Marcus Jewish Community Center of Atlanta to lay off or furlough more than half of its staff. The job cuts were necessary to ensure the institution’s future, its CEO said.

Dave Schechter is a veteran journalist whose career includes writing and producing reports from Israel and elsewhere in the Middle East.

The anticipated loss of program fees and membership revenue — the result of closing indefinitely on March 13 as a COVID-19 precaution — has forced the Marcus Jewish Community Center of Atlanta to lay off or furlough more than half of its staff, according to an email sent March 23 by its CEO Jared Powers.

In his message to the “Marcus JCC Family,” Powers said that “we have had to make necessary, though very difficult, decisions to ensure the long-term future of the Marcus JCC. … This very difficult decision is what will allow us to serve the community again in transformative ways when we are able to reopen. We are offering a variety of benefits to those being furloughed and laid off to ease their transitions.”

The JCC did not provide a figure either for the number of employees laid off or furloughed, nor for its total number of employees before the facility closed.

Heavy job cuts were “necessary, though very difficult, decisions to ensure the long-term future of the Marcus JCC,” said CEO Jared Powers.

“I cannot even begin to express to you how difficult it was to come this decision; nor how heartbreaking it was to deliver the news to our dedicated staff who have helped bring our stellar programs and services to you and our community, and who have built genuine relationships and friendships with you and your families. My heart is truly pained, as I would imagine many of yours will be as well,” he said.

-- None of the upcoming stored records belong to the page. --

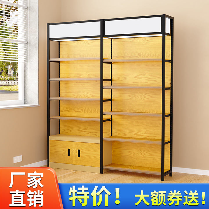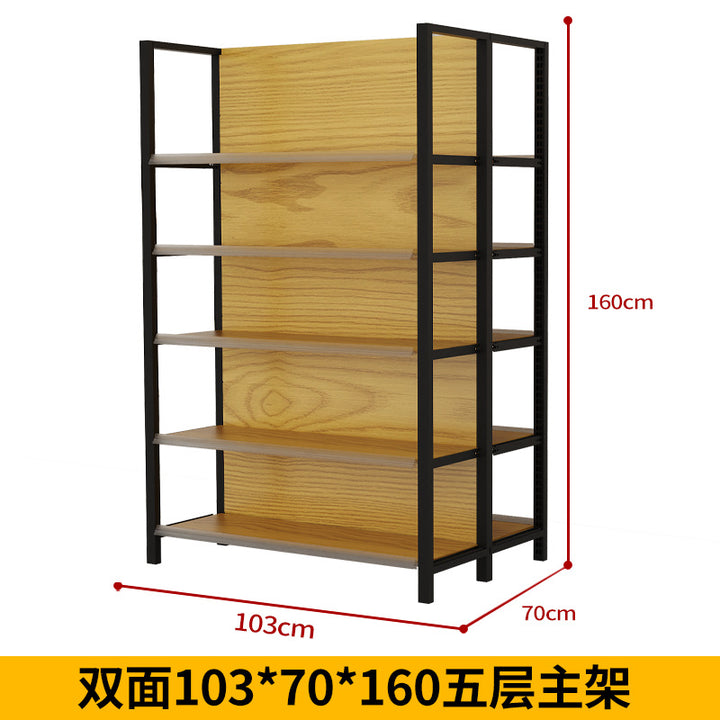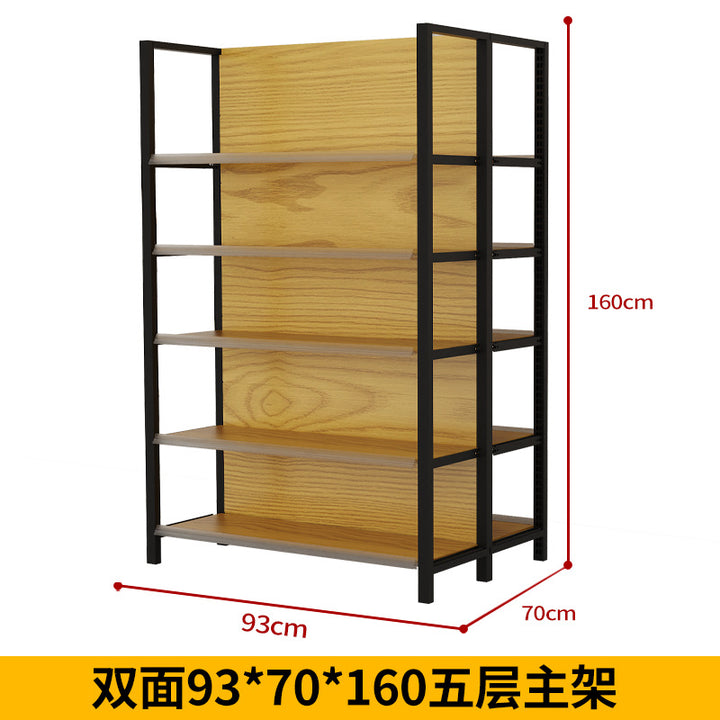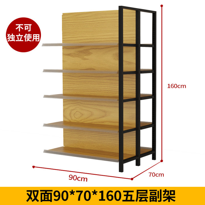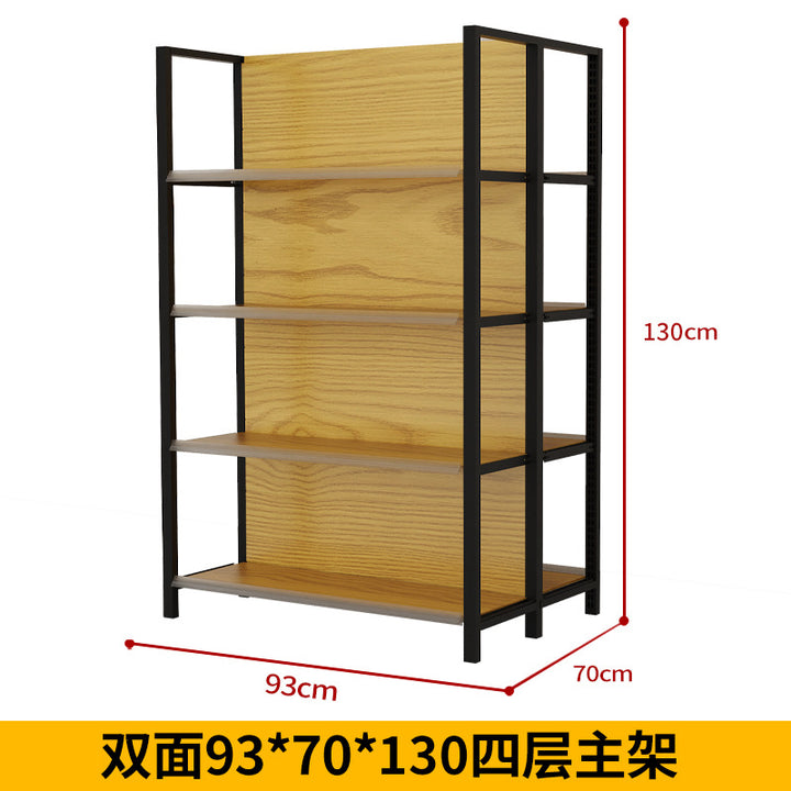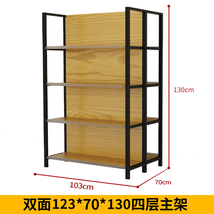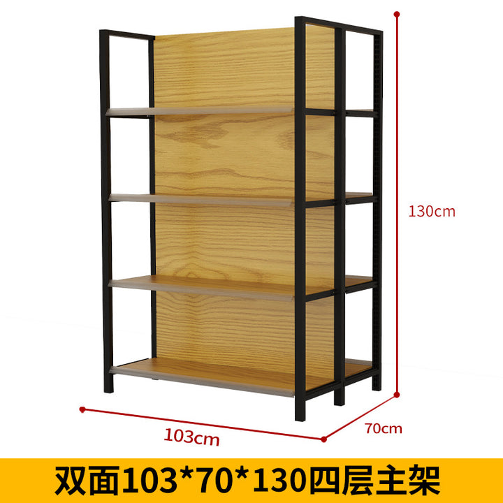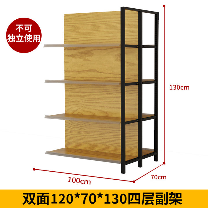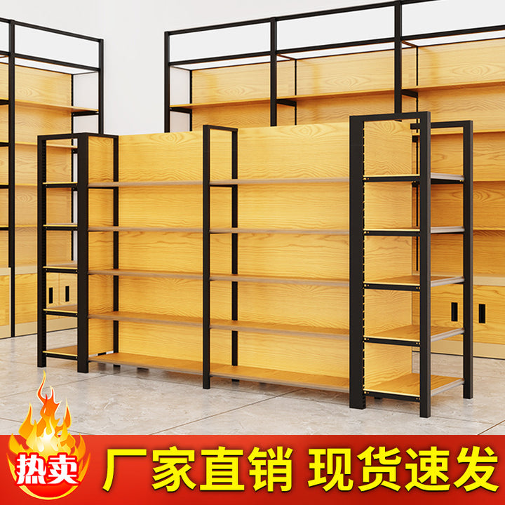 Supermarket shelf display rack Four-column wood grain shelf Convenience store Supermarket commissary stationery store Maternal and infant store
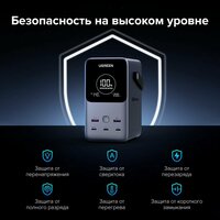 Внешний аккумулятор Ugreen PB770 48000mAh 310W (25286-1) серый оснащен 5 разъемами 3хType-C +2хUSB-A , что позволяет подключить к нему одновременно несколько устройств и не беспокоиться об их безопасности. Встроенная защита эффективно предотвращает их повреждение. Интеллектуальная система определяет тип подключенного устройства и автоматически регулирует силу тока и напряжения. Полная защита как аксессуара, так и заряжаемых устройств от перезарядки, перегрева и коротких замыканий.
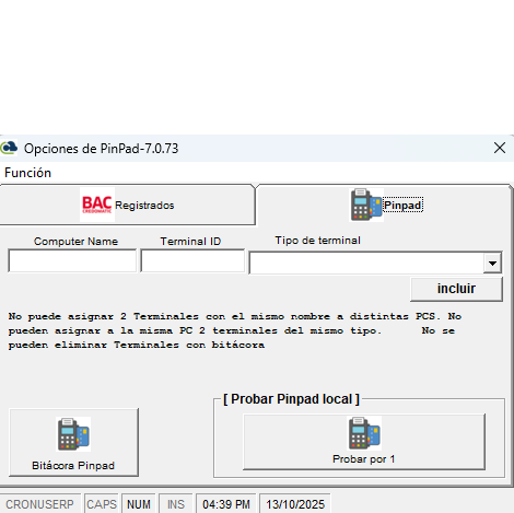 - Cada Pinpad tiene un c贸digo 煤nico asignado por el BAC
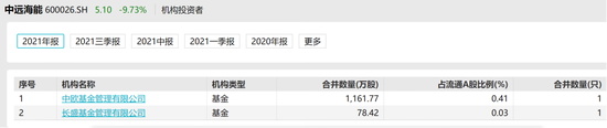 另一持该股基金中欧匠心两年持有对中远海能小幅减持。截至四季度末,中欧匠心两年持有对中远海能港股持股数量不变;中远海能A股持股数量为1161.77万股,较前一季度减少12.27万股。
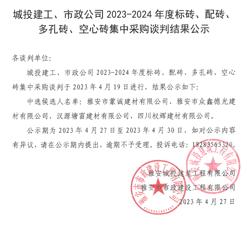 城投建工、市政公司2023-2024年度標(biāo)磚、配磚、多孔磚、空心磚集中采購(gòu)談判結(jié)果公示
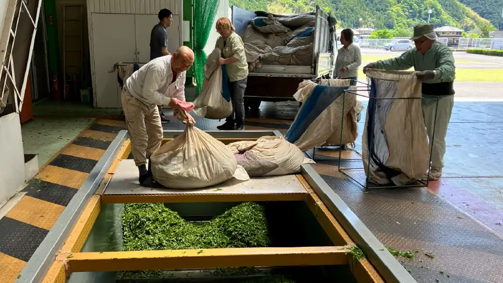 佐藤園では、茶園で収穫してから2時間以内に加工を開始し、鮮度の高いうちに荒茶まで仕上げます。新茶ならではの香りを損なわないためです。

“The remaining staff (many of whom are our Day Camps, Camp Barney Medintz, and Preschool staff), will take on additional work, fulfill additional roles, and take a reduced salary. This reduction in workforce will not hinder our ability to be up and running as soon as circumstances allow. A decision about Camps will not be made until mid-May,” Powers wrote.

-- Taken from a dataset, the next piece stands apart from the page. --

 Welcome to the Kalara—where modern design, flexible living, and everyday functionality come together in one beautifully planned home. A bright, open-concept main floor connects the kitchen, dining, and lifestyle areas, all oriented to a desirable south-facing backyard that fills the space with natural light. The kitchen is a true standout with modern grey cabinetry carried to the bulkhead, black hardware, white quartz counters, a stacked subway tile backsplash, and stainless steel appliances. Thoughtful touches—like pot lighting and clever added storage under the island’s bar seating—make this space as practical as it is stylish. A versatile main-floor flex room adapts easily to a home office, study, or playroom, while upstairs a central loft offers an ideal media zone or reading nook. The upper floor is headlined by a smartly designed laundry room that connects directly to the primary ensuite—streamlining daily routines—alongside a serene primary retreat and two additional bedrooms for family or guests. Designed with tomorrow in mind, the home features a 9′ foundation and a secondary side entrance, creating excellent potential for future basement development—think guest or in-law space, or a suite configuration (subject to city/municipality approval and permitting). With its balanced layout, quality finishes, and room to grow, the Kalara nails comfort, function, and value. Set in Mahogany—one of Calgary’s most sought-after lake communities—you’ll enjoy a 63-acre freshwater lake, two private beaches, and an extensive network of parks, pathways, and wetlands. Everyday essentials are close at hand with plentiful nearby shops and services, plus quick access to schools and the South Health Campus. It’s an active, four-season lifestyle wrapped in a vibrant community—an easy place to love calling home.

Cancellation of summer camp programs, which generate more than half of the JCC’s revenues, would be a serious financial blow to the institution’s finances.

The JCC interacts with an estimated 60,000 people annually.

A variety of JCC programming has migrated to online presentation, including pre-school and day camp programs, the Lisa F. Brill Institute for Jewish Learning, the Book Festival of the JCC, BBYO, and services with Rabbi Brian Glusman.

“The Marcus JCC is more than just buildings and campuses; we are truly a home away from home. These difficult decisions were made to ensure that our community will continue to have the Marcus JCC to provide its life-changing programs and services when we reopen,” Powers said.

According to the JCC’s tax return for the fiscal year that ended in August 2018, the most recent available online, 80 percent of its $24.6 million revenue came from “program service revenue,” while 57 percent of its nearly $24.8 million in expenses was “salaries, other compensation, employee benefits.”

Atlanta is not the only city where the JCC has slashed staff. The Jewish Telegraphic Agency reported that the Kaiserman JCC outside Philadelphia, which also closed its doors March 13, has laid off 176 of its 178 employees.

Doron Krakow, the CEO of the JCC Association of North America, told JTA that layoffs should be expected throughout the JCC network, which employs about 38,000 people.